Если Милка и удивилась, когда я попросил чего-нибудь на зуб, виду не подала. Вытащила из холодильника кастрюлю, накидала на тарелку тушеного мяса с картошкой, поставила в микроволновку. Уронила ложку, нагнулась за ней — и аппетит, только что такой могучий, лег на обе лопатки, побежденный магическими округлостями.
На счет раз одна моя рука оказалась у нее под кофтой, на два — другая в штанах.
— Ты же, вроде, есть хотел? — посмотрела через плечо Милка, приподняв брови.
Ох, какая теплая, мокрая! Как по маслу!
— Чего хотел? — переспросил рассеянно, потянув штаны вниз. Вместе с трусами — голубыми, в цветочек. — А, есть. Да… потом.
— Рокотов, ты что, трахаться пришел?
— А… да. Нет. То есть да, но… Ну да, а что? Ты против?
— А что, похоже на то, что я против? — она переступила через штаны и, обернувшись, снова посмотрела на меня с шальной улыбкой, от которой сердце сорвалось в резкий спурт.
Такой я ее последний раз видел в Замке бурь.
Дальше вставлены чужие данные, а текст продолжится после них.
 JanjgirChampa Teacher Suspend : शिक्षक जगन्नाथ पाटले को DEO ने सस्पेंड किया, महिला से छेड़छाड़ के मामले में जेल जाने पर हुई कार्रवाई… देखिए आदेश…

В ту чумовую неделю. Все ледяные равнодушные маски облетели клочьями. Глаза сияли, губы приоткрылись так призывно, что было бы преступлением не пойти на этот зов.
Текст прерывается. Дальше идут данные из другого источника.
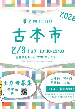 第2回 TETTO古本市 ギャラリー 開催日:2026年2月8日(日) 開催時間:10:30 〜 15:00 お問い合わせ 釜石市民ホールTETTO 【TEL】0193-22-2266 【メール】daihyo@tetto-kamaishi.jp

Казалось, что все в первый раз. Да, собственно, в первый раз и было. Совсем другой уровень квеста, новый для меня. С Майкой? Ну да, тоже хватало нетерпения, волнения, счастья, но… совсем не так остро, чтобы на разрыв. Тогда все было предсказуемо и ожидаемо.
Милка подняла руки, словно сдаваясь, и я потянул через голову ее кофту.
— Лешка… — прошептала она тихо, жутко соблазнительно. — Ты решил исполнить свою мечту?
— В смысле? — не понял я.
— Перепихнуться принародно. Мы у всего соседнего корпуса как на ладошке сейчас. Даже бинокль не нужен.
— Ну так, по крайней мере, без советов обойдемся. Пусть дрочат молча.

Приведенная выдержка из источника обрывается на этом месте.